I call it a “data crime” when someone is abusing or misusing data. When we understand these stories and their implications, it can help us learn from the mistakes and prevent future data crimes. The stories can also be helpful if you must explain the importance of data management to someone.
The Story
While voting in a 2022 election, someone saw candidates from the 2018 ballot included on their ballot. After reporting the issue, there was an investigation to find out what happened and how widespread it was.
The error was confined to a subset of cities in the state and Spanish-language ballots on touchscreen machines. It wasn’t the whole state. It wasn’t paper ballots. I wasn’t English-language ballots.
It was determined that the third-party elections software vendor was at fault. Their only job is elections, so you would think this is something they had mastered.
Anyone who researched the candidates and knew who they were voting for would have been minimally impacted. If their candidate wasn’t listed, they would have reported it, which is probably how it came to the attention of a poll worker or election officer. For people who hadn’t done their due diligence, it’s possible they voted differently than they would have otherwise. We’ll likely never know.
What We Learned
This was a very specific problem — certain cities, Spanish language, and touchscreen machines got 2018 candidates on a 2022 ballot. I’m guessing that this probably tells us the election was run by Excel spreadsheets. We’ve all been there. You need to create a new file, so you pull up the old file, update the information, and save it under a new name. Or do you? My preference is to immediately create a copy with a new name and then start working with the new copy. It seems to reduce the risk a bit.

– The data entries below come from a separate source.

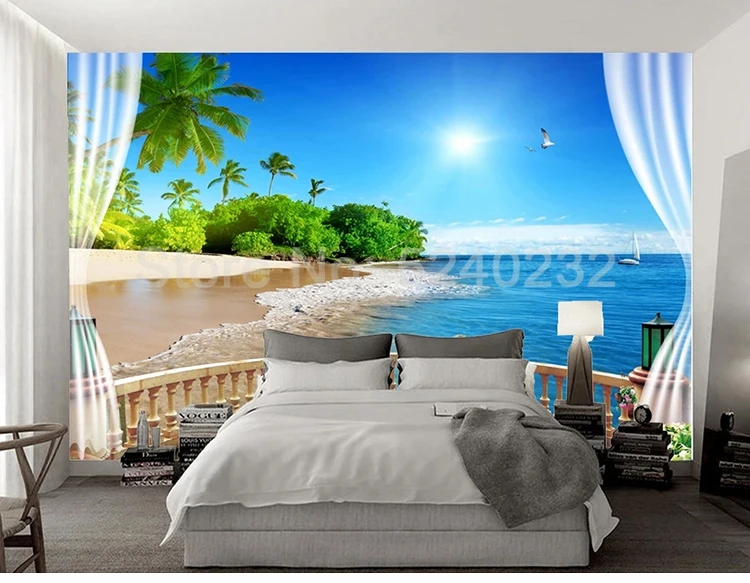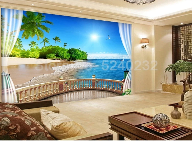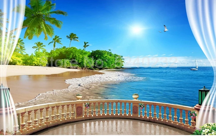 3d-постер по индивидуальному заказу, настенная живопись с изображением балкона, окна, моря, Большая фреска с пляжем, пейзажем, гостиной, спальни, декоративные 3D-обои
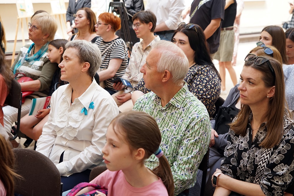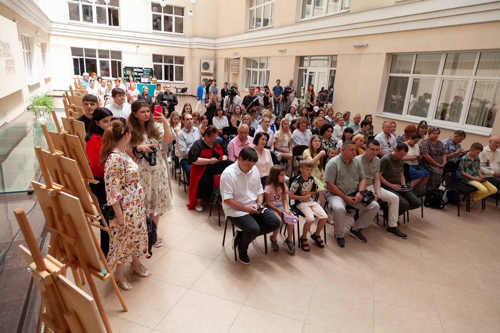 Анатолій Анатоліч (ведучий, автор блогу на ютуб-каналі) розповів як його діти долучилися до акції та залюбки малювали тата на роботі. Перший день після звільнення від окупації» та «Інтерв'ю з героєм ЗСУ» - так донечки Анатолія Анатоліча назвали свої роботи. Як і всі українські діти, вони з нетерпінням чекають переможного миру в нашій країні. Ще один ведучий, Анатолій Ковальський, відвідав виставку разом зі своїми дітьми. Творча акція дитячого малюнку розпочалася у травні цього року за ініціативи Національної спілки журналістів України. Діти з різних куточків нашої держави надсилали поштою малюнки до Київського Центру журналістської солідарності, що відкрився на початку повномасштабного вторгнення. А ось родина телеведучого Андрія Ковальського у повному складі відвідала такий центр та першою принесла малюнки. «Журналісти - важливі», так назвали діти свої роботи, ознайомившись із діяльністю Центру солідарності. Запрошуємо на сцену пана Андрія з дружиною Тетяною та їх діточок -8-річного Назара та 6-річну Полінку.
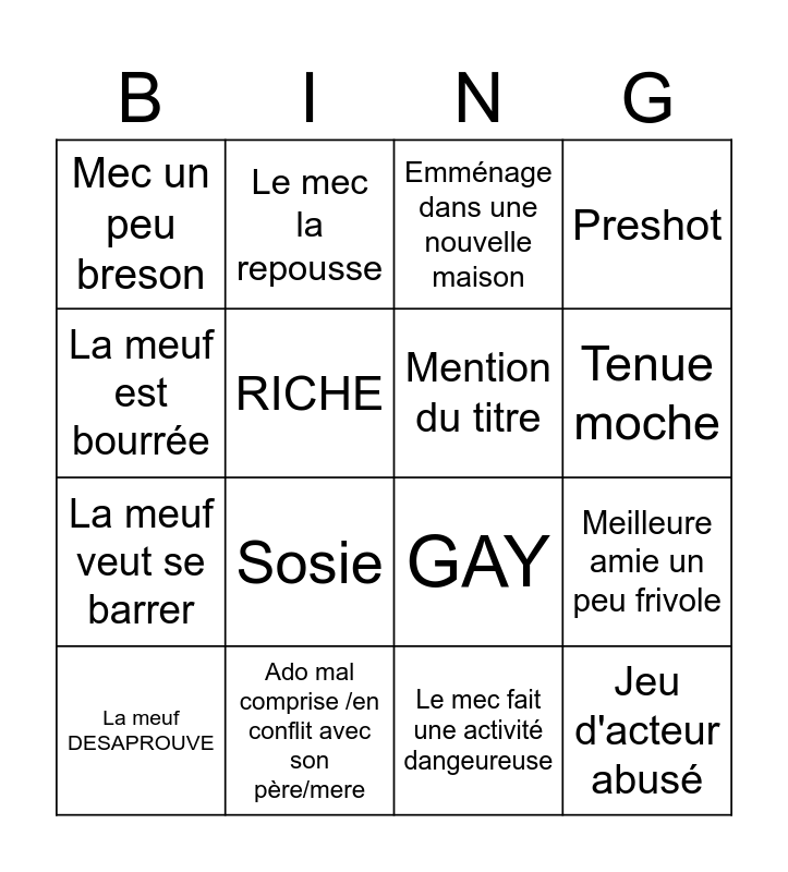 This bingo card has 16 words: Ado mal comprise /en conflit avec son père/mere, Meilleure amie un peu frivole, Emménage dans une nouvelle maison, Mec un peu breson, La meuf veut se barrer, Le mec la repousse, GAY, Le mec fait une activité dangeureuse, La meuf est bourrée, RICHE, La meuf DESAPROUVE, Preshot, Sosie, Tenue moche, Mention du titre and Jeu d'acteur abusé.
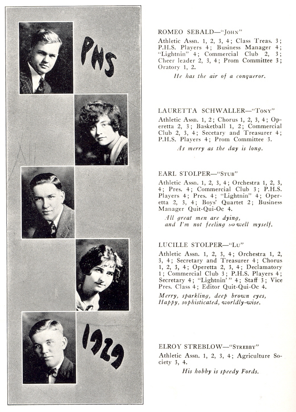 1929 Plymouth High School, Page 20: Romeo Sebald, Lauretta Schwaller, Earl Stolper, Lucille Stolper, Elroy Streblow.
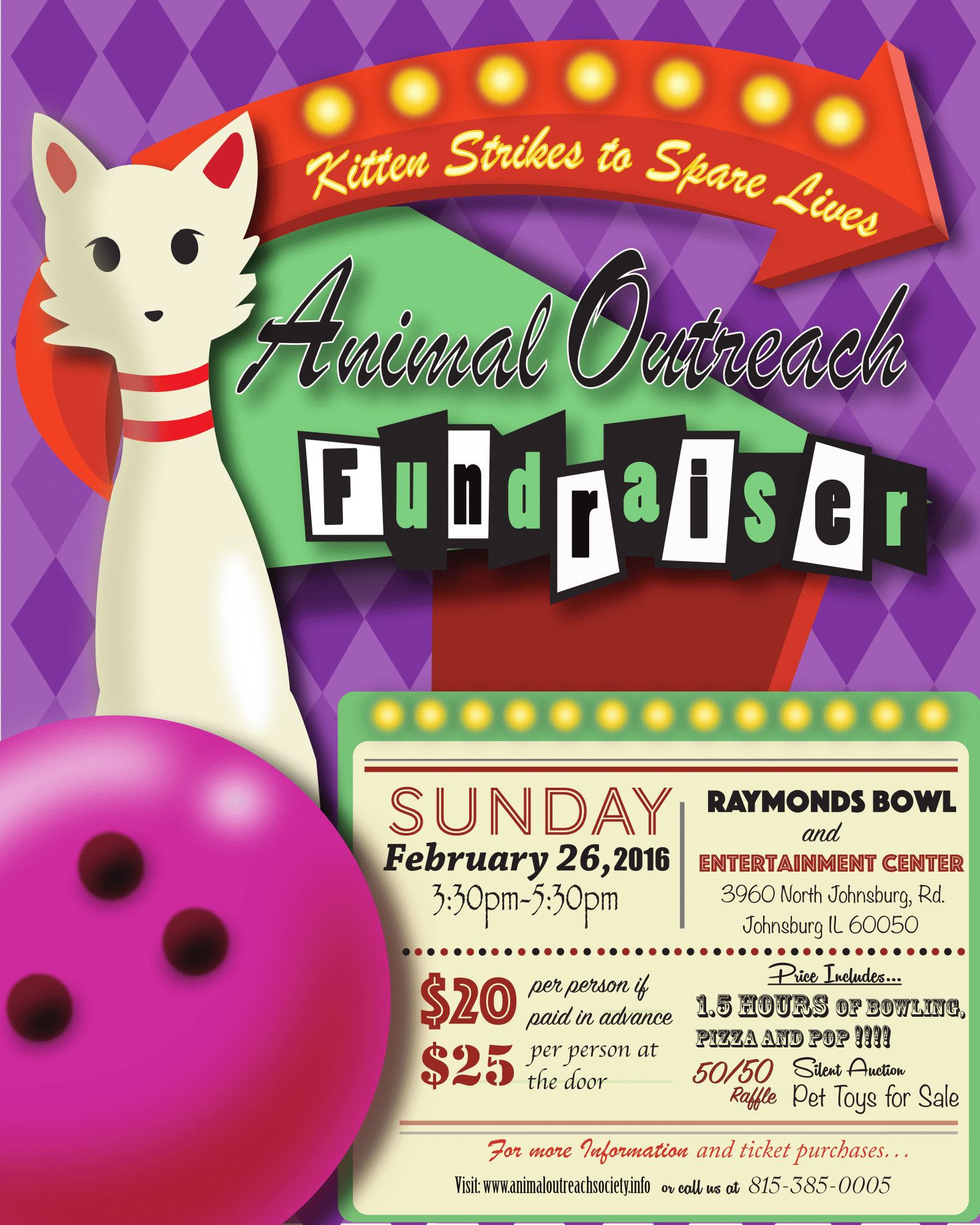Join other Animal Outreach supporters for a good time bowling for the animals and enjoy 90 minutes of bowling and pizza and pop. We'll also be having a 50/50 auction, and be selling Pet Toys.
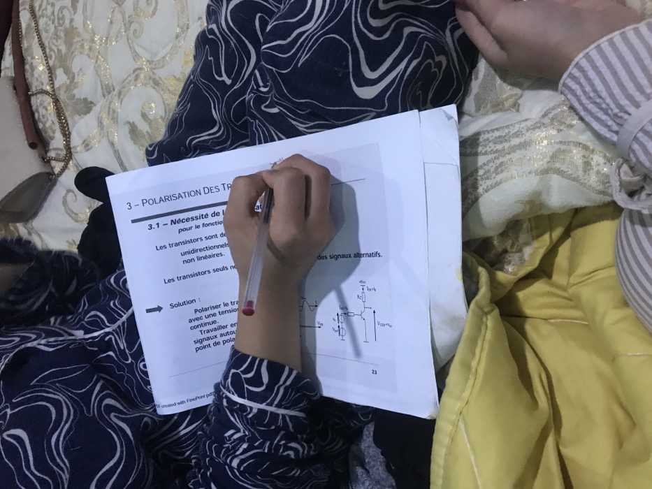 This image depicts an indoor scene in Ouislane, Morocco, captured from an elevated perspective. The primary subject is a person's right hand, holding a clear plastic pen with a red tip, actively writing or marking on a white paper document. The document displays technical content in French, including the heading "3 - POLARISATION DES TR" and a section "3.1 - Nécessité de la polarisation des transistors" with descriptive text and a circuit diagram illustrating a transistor. The individual's arm is clad in a dark blue garment patterned with white abstract swirls. A second person's left hand, wearing a light-colored striped sleeve, is partially visible in the bottom right corner. The document rests upon a bright yellow fabric, possibly part of an article of clothing or bedding. The background elements include more of the dark blue patterned fabric and a cream-colored textile with intricate gold metallic patterns, resembling a bedspread or ornate cushion. A light-colored handbag with a gold chain strap is also visible in the upper right portion of the background.
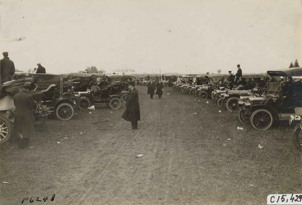 Automobiles parked in field, 1908 Vanderbilt Cup races
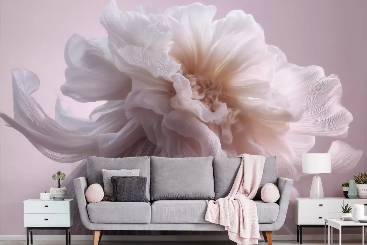 Fotomurales Flor de seda con volumen en tonos rosa pálido y beige Nr. w09809
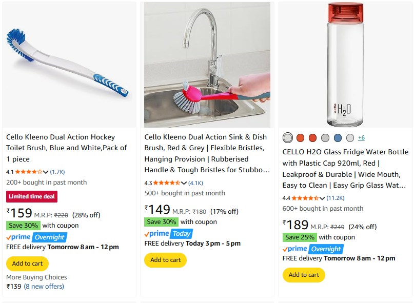 Cello Products Starting @ ₹149 on Amazon.
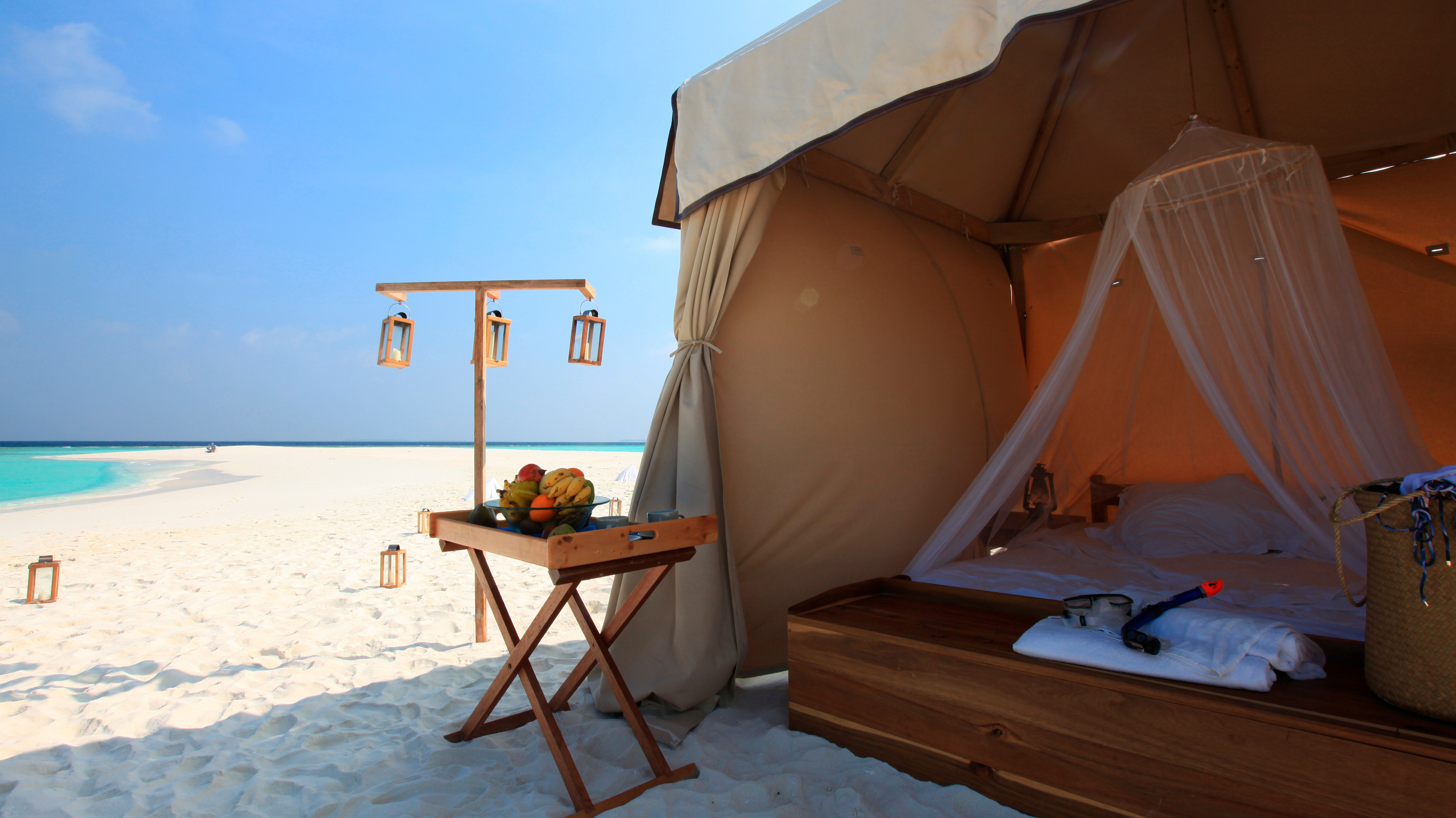 从观景台上沐浴在夜空中。你的别墅套房就在海滩上,有自己的阳台通向温暖的沙滩。沉入四柱床,而开放式客厅通过落地玻璃窗将室外带入室内。
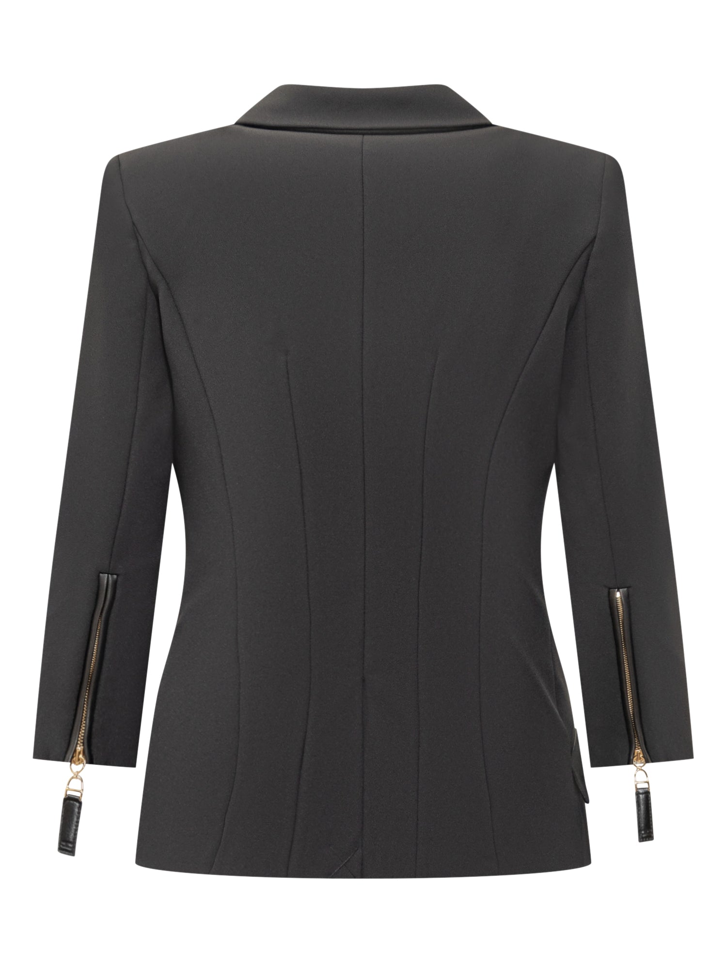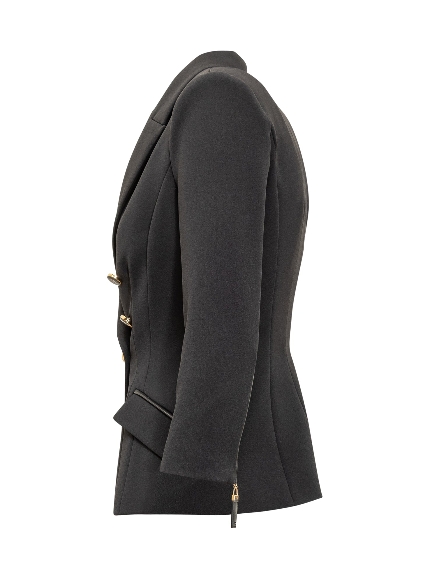 Elisabetta Franchi double-breasted blazer with 3/4 sleeves, gold logo buttons, and inner chain.
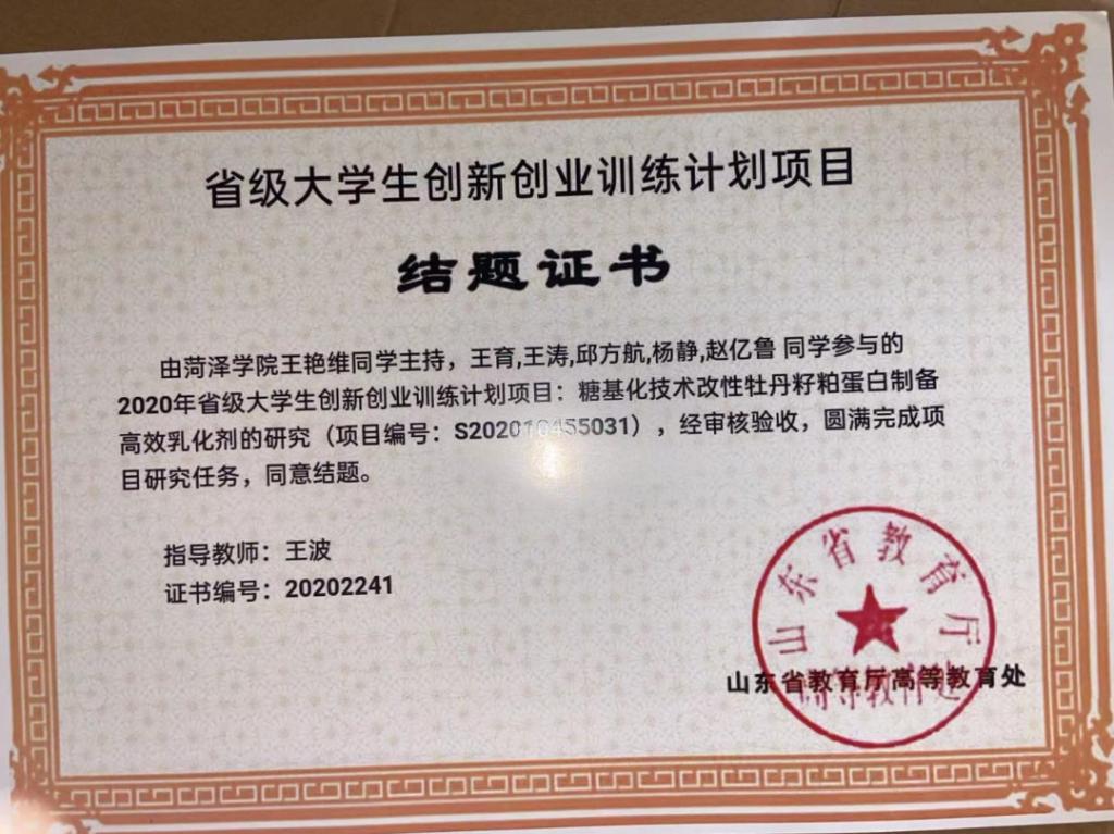 2021年11月所参与的省级创新创业项目“糖基化技术改性牡丹籽粕蛋白制备高效乳化剂的研究”顺利结项,荣获结项证书
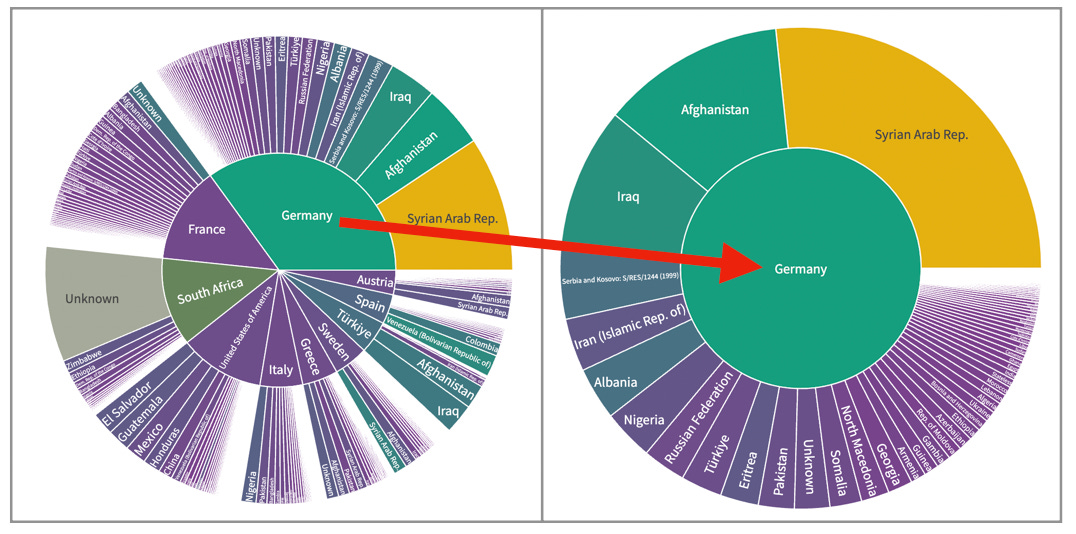 You can adjust the slider (on either end) to give a more focused year range. Additionally, with a Plotly sunburst chart, you can actually click on a country (from within the inner circle) to produce a more granular set of numbers:
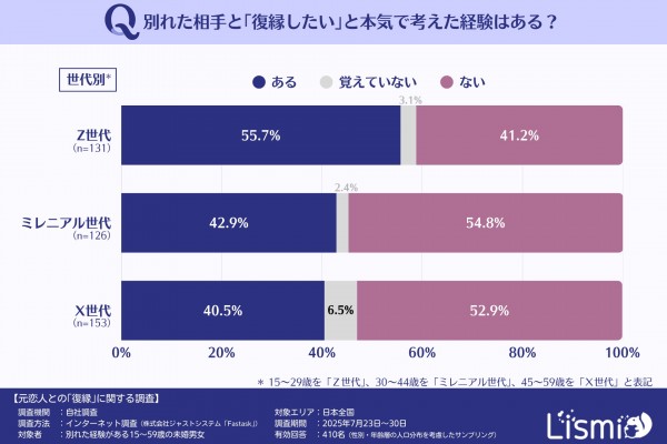 Z世代では過半数を超える55.7%の人が復縁を真剣に検討した経験があると回答しました。
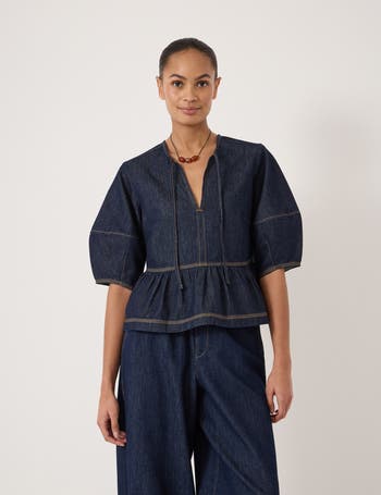 Sculpted barrel sleeves meet a softly gathered peplum and a tie neckline, creating an easy feminine silhouette that moves beautifully from market mornings to sunset dinners.
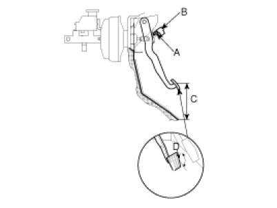 3. Loosen the pushrod locknut (A), and screw the pushrod in or out with pliers until the standard pedal height from the floor is reached. After adjustment, tighten the locknut firmly. Do not adjust the pedal height with the pushrod depressed.

What probably happened is that the workers in each region had to create the new ballots, which included paper and touchscreen machines. It seems like they probably had four separate files: English paper, Spanish paper, English touchscreen, and Spanish touchscreen. Workers in some regions forgot to update the Spanish touchscreen files.
This is not complicated. It’s basically data entry work done by a company whose only job is elections. Perhaps they hired some new people or used interns. They certainly didn’t do any testing. Testing would have been simple validation that the names were entered correctly and in all files. Sometimes, it’s the easy tasks that get overlooked thinking they couldn’t possibly go wrong. But, it’s also easy to make sure they didn’t.